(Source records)
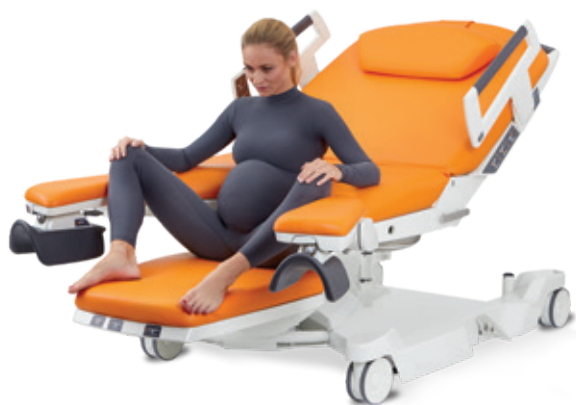
Semi-assise sur la section jambière
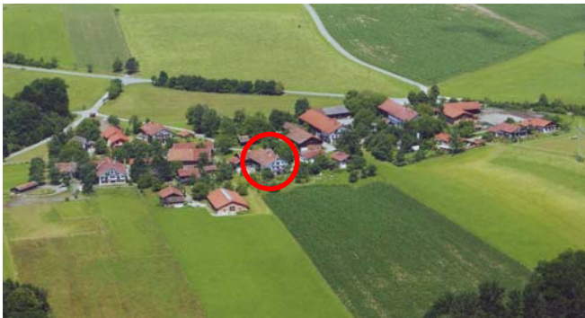
Innthal von oben (Reimprechtthof rot umkreist)

Verbringen Sie einen entspannten Urlaub in einem exquisiten Wohnumfeld inmitten der Natur!
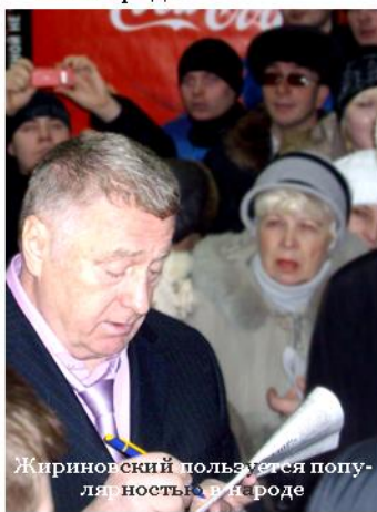
Жириновский пользуется популярностью в народе

Своих кандидатов на эти выборы представили 4 партии: «КПРФ», «Справедливая Россия», «ЛДПР» и «Единая Россия». Кандидаты пытались по-разному завоевать доверие избирателей, а лидеры двух партий лично посетили наш город.
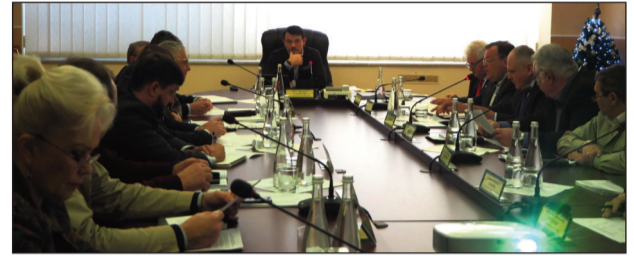
результати робочої поїздки «Енергоатом» Павло Павлишин, т.в.о. президента НАЕК
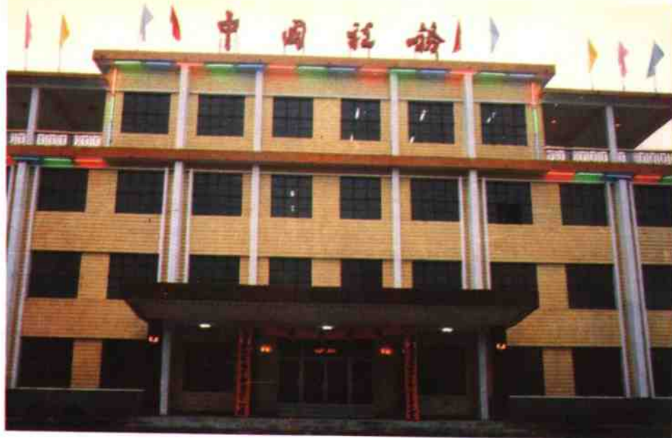
内乡县税务局办公楼
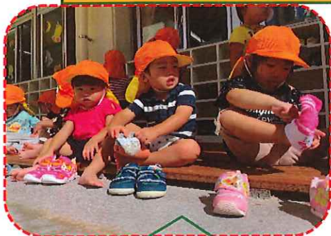
自分達で履いてみよう と頑張る子ども達♩
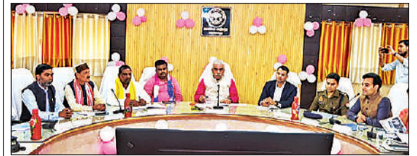
कलेक्ट्रेट सभागार में समीक्षा बैठक के दौरान मौजूद प्रभारी मंत्री व अन्य अधिकारी ।
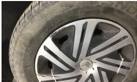
Jant kapağı seti > Çizik
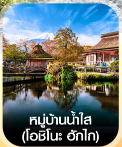
หมู่บ้านน้ำใส (โอะชิโนะ ฮักไก)

✈️ คอนเฟิร์ม ออกเดินทาง ทุกพีเรียด 2 ท่านขึ้นไป
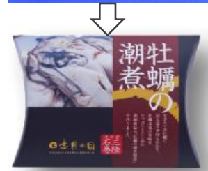
H24モニタリング調査実施商品 結果：パッケージ・デザインを変更
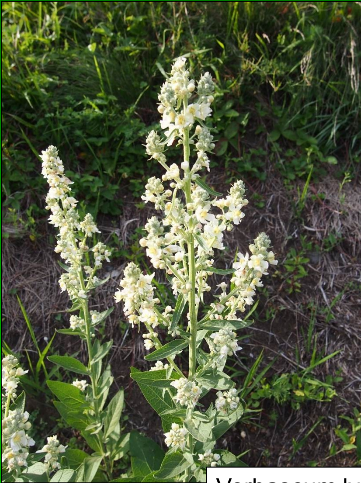
Verbascum lychnitis subsp. moenchii
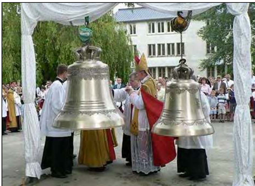
Bénédition des cloches de la Martinerie (36), juin 2015

lieux où brillent la sainteté, la charité et la vérité. Que le Christ-Roi y règne ! Plus que jamais, nous devons travailler chacun à notre place à
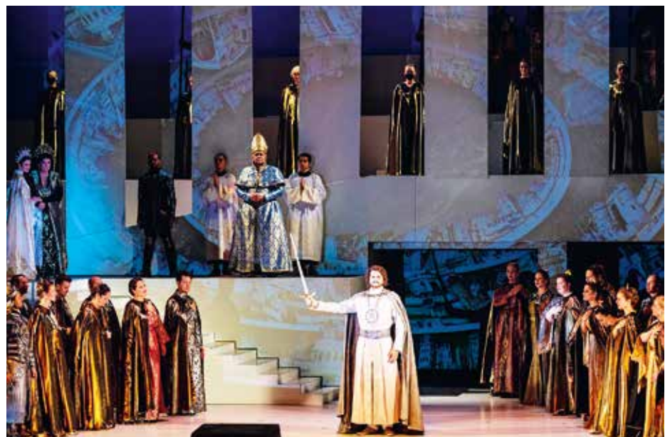
Szörényi L.–Bródy J.: István a király (hangszerelés: Gyöngyösi Levente, rend.: Szinetár Miklós). Erkel Színház, 2020. szeptember

Az Opera művészei, munkatársai, valamint a közönség egészségének védelme érdekében zárt térben – így a próbákban is – mindenki számára kötelező maszkhasználatot ír elő, az előadásokon közreműködő színpadi művészek és a zenekari fúvósok kivételével. Az épületekbe történő belépéskor érintésmentes testhőmérséklet-mérést végzünk. A védőtávolság betartása érdekében a közönség az előadásokat páros ülések igénybevételével

REQUIRED ACTION -
Go through the entries above and write them out again exactly, images left behind.

THE ANSWER -
Semi-assise sur la section jambière
Innthal von oben (Reimprechtthof rot umkreist)

Verbringen Sie einen entspannten Urlaub in einem exquisiten Wohnumfeld inmitten der Natur!
Жириновский пользуется популярностью в народе

Своих кандидатов на эти выборы представили 4 партии: «КПРФ», «Справедливая Россия», «ЛДПР» и «Единая Россия». Кандидаты пытались по-разному завоевать доверие избирателей, а лидеры двух партий лично посетили наш город.
результати робочої поїздки «Енергоатом» Павло Павлишин, т.в.о. президента НАЕК
内乡县税务局办公楼
自分達で履いてみよう と頑張る子ども達♩
कलेक्ट्रेट सभागार में समीक्षा बैठक के दौरान मौजूद प्रभारी मंत्री व अन्य अधिकारी ।
Jant kapağı seti > Çizik
หมู่บ้านน้ำใส (โอะชิโนะ ฮักไก)

✈️ คอนเฟิร์ม ออกเดินทาง ทุกพีเรียด 2 ท่านขึ้นไป
H24モニタリング調査実施商品 結果：パッケージ・デザインを変更
Verbascum lychnitis subsp. moenchii
Bénédition des cloches de la Martinerie (36), juin 2015

lieux où brillent la sainteté, la charité et la vérité. Que le Christ-Roi y règne ! Plus que jamais, nous devons travailler chacun à notre place à
Szörényi L.–Bródy J.: István a király (hangszerelés: Gyöngyösi Levente, rend.: Szinetár Miklós). Erkel Színház, 2020. szeptember

Az Opera művészei, munkatársai, valamint a közönség egészségének védelme érdekében zárt térben – így a próbákban is – mindenki számára kötelező maszkhasználatot ír elő, az előadásokon közreműködő színpadi művészek és a zenekari fúvósok kivételével. Az épületekbe történő belépéskor érintésmentes testhőmérséklet-mérést végzünk. A védőtávolság betartása érdekében a közönség az előadásokat páros ülések igénybevételével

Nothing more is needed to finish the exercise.